**Working data**
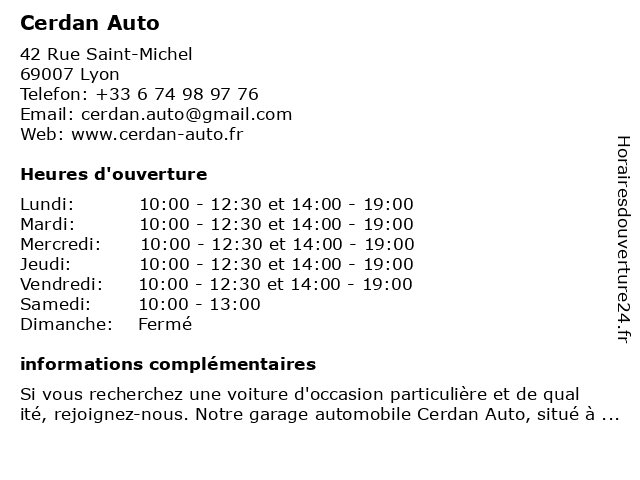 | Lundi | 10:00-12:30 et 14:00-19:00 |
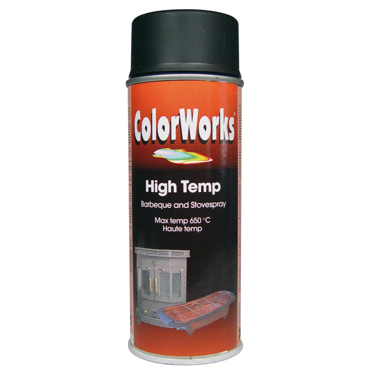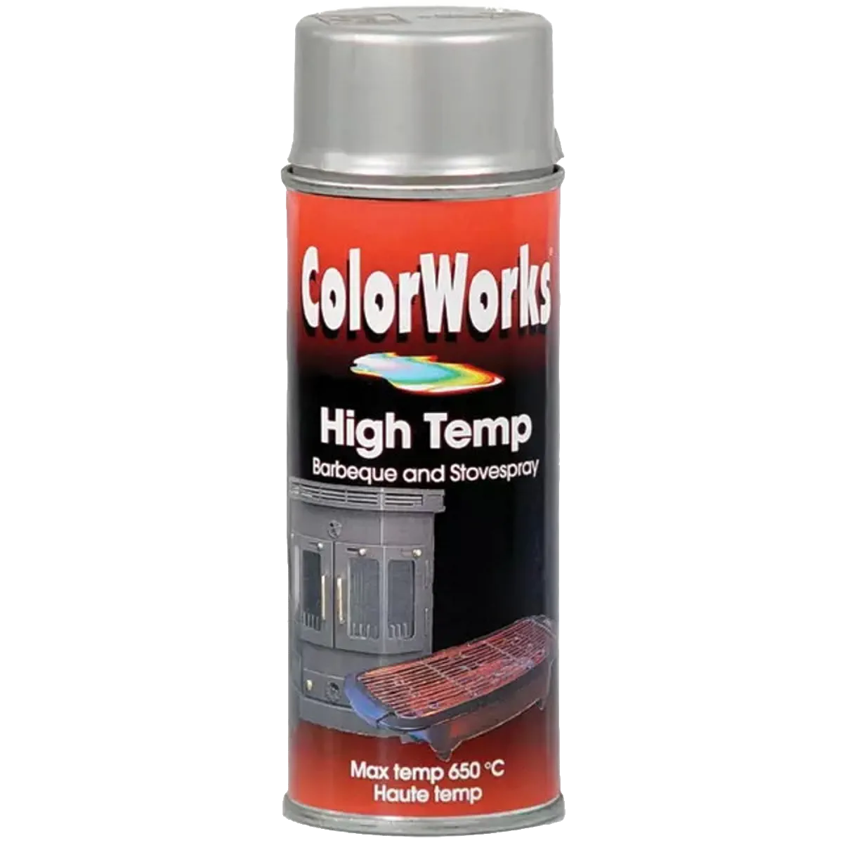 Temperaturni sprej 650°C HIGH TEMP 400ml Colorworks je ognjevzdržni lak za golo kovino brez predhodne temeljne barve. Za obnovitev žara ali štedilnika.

* * *

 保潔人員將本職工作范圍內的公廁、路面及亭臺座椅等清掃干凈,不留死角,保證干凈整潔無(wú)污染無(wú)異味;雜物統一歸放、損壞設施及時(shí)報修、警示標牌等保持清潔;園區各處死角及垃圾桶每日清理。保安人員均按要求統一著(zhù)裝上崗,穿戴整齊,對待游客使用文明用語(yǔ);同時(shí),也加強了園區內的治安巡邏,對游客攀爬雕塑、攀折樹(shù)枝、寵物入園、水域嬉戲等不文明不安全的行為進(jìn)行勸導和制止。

---

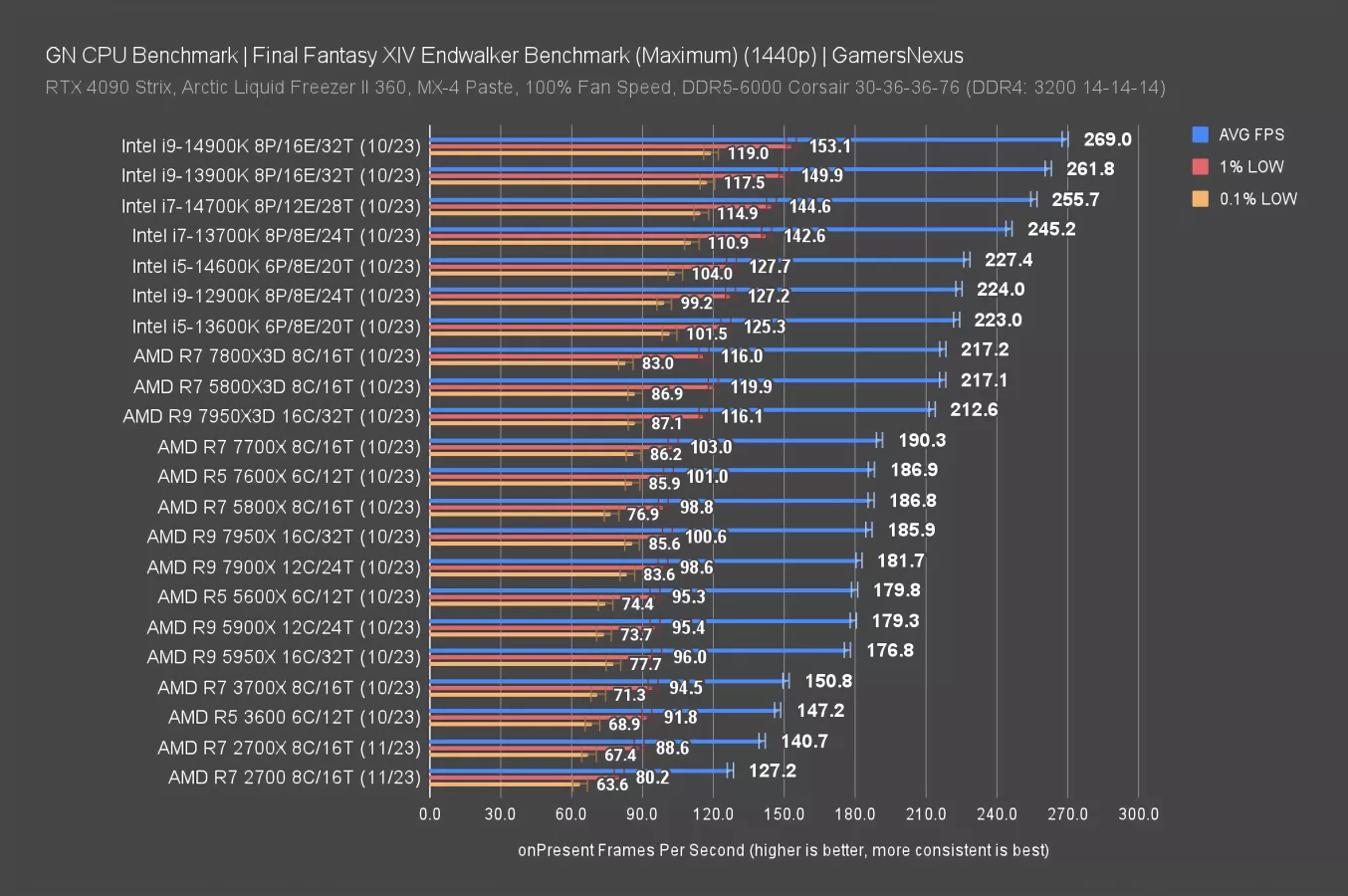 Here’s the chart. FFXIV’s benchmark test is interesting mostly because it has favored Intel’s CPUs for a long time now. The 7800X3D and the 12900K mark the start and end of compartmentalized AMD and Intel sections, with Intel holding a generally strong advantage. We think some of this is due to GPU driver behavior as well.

**What to work on**
Using the entries above, write out exactly the lines from the one with "et 14:00-19:00 |" through the one with "Temperaturni sprej 650°C", ends included. Leave out any pictures.

**Problem solution**
 | Lundi | 10:00-12:30 et 14:00-19:00 |
 Temperaturni sprej 650°C HIGH TEMP 400ml Colorworks je ognjevzdržni lak za golo kovino brez predhodne temeljne barve. Za obnovitev žara ali štedilnika.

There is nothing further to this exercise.